The gateway now serves a WordPress-style admin UI at http://localhost:8000/ui.

In docker-compose.yml, demo credentials are preconfigured:
- ADMIN_EMAIL=demo@demo.com
- ADMIN_PASSWORD=demo
Login is required for the admin surface (/ui and /admin/*) in all AUTH_MODEs.
Browser sessions are cookie-based (HttpOnly); mutating admin API calls require a CSRF header.

You can still use the admin CLI under strict admin auth:

ADMIN_EMAIL=demo@demo.com ADMIN_PASSWORD=demo \
python -m scripts.admin --base-url http://localhost:8000 server list --tenant-id local-dev

Disable the UI with:

ADMIN_UI_ENABLED=false

Embeddings

Embeddings power vector and hybrid search, the semantic cache, and the semantic guardrail classifier. The provider is pluggable and can be configured two ways, with the control DB taking precedence over the environment:

Environment (boot-time default).
Admin panel at /ui → Embeddings (runtime, persisted, recommended).

Supported providers:

Provider	`EMBEDDING_PROVIDER`	Auth	Default model
Ollama (local)	`ollama`	none	`nomic-embed-text`
OpenAI	`openai`	`EMBEDDING_API_KEY`	`text-embedding-3-small`
Azure OpenAI	`azure_openai`	`EMBEDDING_API_KEY` + endpoint/deployment	(deployment)
Voyage AI	`voyage`	`EMBEDDING_API_KEY`	`voyage-3`
Google Gemini	`gemini`	`EMBEDDING_API_KEY`	`text-embedding-004`

Key behaviors:

Dimensions are auto-detected by embedding a short probe string when a config is applied — you never hand-configure vector widths, and the stored width is always exactly what the provider returns (so Atlas vector indexes can't drift out of sync with the data).
API keys are encrypted at rest in the control DB (Fernet, keyed by EMBEDDING_SECRET, falling back to ADMIN_SESSION_SECRET / JWT_SECRET) and are always masked in API responses. Prefer a file mount via EMBEDDING_API_KEY_FILE / EMBEDDING_SECRET_FILE in production.
Changing the provider/model/dimensions auto-reprovisions everything that depends on the embedding space: it re-embeds every tenant's tool_catalog, drops and recreates the hybrid-vector-search indexes with the new numDimensions, refreshes the semantic cache, and re-embeds the control-plane guardrail signature corpus. Progress is tracked in control_db.embedding_status and surfaced live in the panel.
Configuration is global (gateway-wide), so all tenants stay on a single, consistent embedding space.

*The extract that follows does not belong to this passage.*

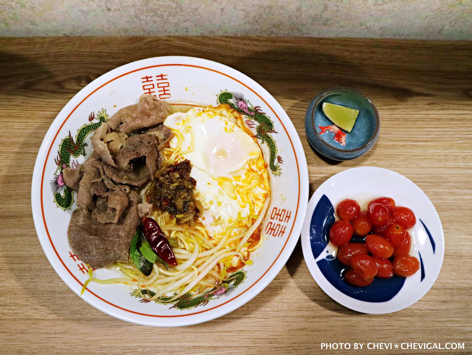 越南雞蛋麵(雞腿+半熟荷包蛋,湯頭濃度中):湯頭是以香茅+檸檬葉+豬大骨熬煮,加入南洋風味的蝦醬,並搭配香菜與九層塔。難怪一上桌時,就能感受到空氣當中瀰漫著一股清香。

Admin endpoints (platform-admin only):

GET    /admin/embedding          # current config (key masked) + reprovision status
PUT    /admin/embedding          # validate, persist, reload, and reprovision
POST   /admin/embedding/test     # dry-run: reachability + detected dimensions
GET    /admin/embedding/status   # reprovision progress

Example: switch to OpenAI from the CLI-style API (the gateway detects the width):

curl -X PUT http://localhost:8000/admin/embedding \
  -H "Authorization: Bearer $TOKEN" -H "Content-Type: application/json" \
  -d '{"provider":"openai","model":"text-embedding-3-small","api_key":"sk-..."}'

Switching providers is a heavy operation (re-embedding + index rebuilds). It runs in the background and search degrades gracefully (lexical fallback) while indexes rebuild.

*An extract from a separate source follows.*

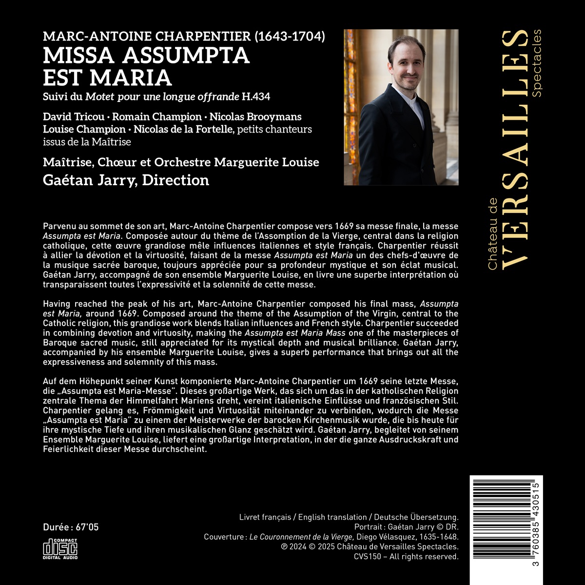 Auf dem Höhepunkt seiner Laufbahn komponierte Marc-Antoine Charpentier um 1669 seine letzte Messe "Assumpta est Maria". Dieses grandiose Werk, das die Himmelfahrt der Jungfrau Maria als ein zentrales Thema der katholischen Religion behandelt, verbindet italienische Einflüsse mit dem französischen Stil. Charpentier gelang es, Frömmigkeit und Virtuosität miteinander in Einklang zu bringen, so dass die Messe zu einem der Meisterwerke der barocken Kirchenmusik wurde, das noch heute wegen seiner mystischen Tiefe und musikalischen Brillanz geschätzt wird. Gaétan Jarry, der von seinem Ensemble Marguerite Louise begleitet wird, liefert eine Interpretation, in der die ganze Ausdruckskraft und Feierlichkeit dieser Messe zur Geltung kommt.

Standalone gateway container

For single-container deployment, point the gateway at MongoDB and enable startup bootstrap:

docker build -t mdb-mcp-gateway .
docker run --rm -p 8000:8000 \
  -e MONGODB_URI="mongodb://<host>:27017/?replicaSet=rs0" \
  -e MONGODB_DB_NAME="mcp_gateway" \
  -e AUTO_BOOTSTRAP=true \
  -e ADMIN_UI_ENABLED=true \
  -e ADMIN_EMAIL="admin@example.com" \
  -e ADMIN_PASSWORD="change-me-now" \
  -e ADMIN_SESSION_SECRET="a-very-long-session-secret" \
  mdb-mcp-gateway

Important: the gateway requires an Atlas-capable MongoDB deployment (Atlas Local or Atlas cluster) with Search + Vector Search support and replica-set semantics (for the registry watcher's change streams). A plain standalone mongod is not sufficient.

Run tests

The suite has two tiers.

Unit tier (fully offline) — an in-memory async MongoDB fake and a deterministic embedding stub (tests/fakes.py) stand in for Atlas and Ollama, and downstream HTTP is mocked with respx. No external services required:

pip install -r requirements-dev.txt
pytest -q -m "not integration and not load"

To reproduce the CI quality gate locally:

ruff check . && ruff format --check . && mypy .
pytest -q -m "not integration and not load" --cov --cov-report=term-missing --cov-fail-under=82

Integration tier (18 tests, real stack) — runs the actual $rankFusion / $vectorSearch / $search pipelines, the semantic cache, catalog sync, index DDL, and a concurrency benchmark against a real MongoDB Atlas Local engine and a real embedding provider.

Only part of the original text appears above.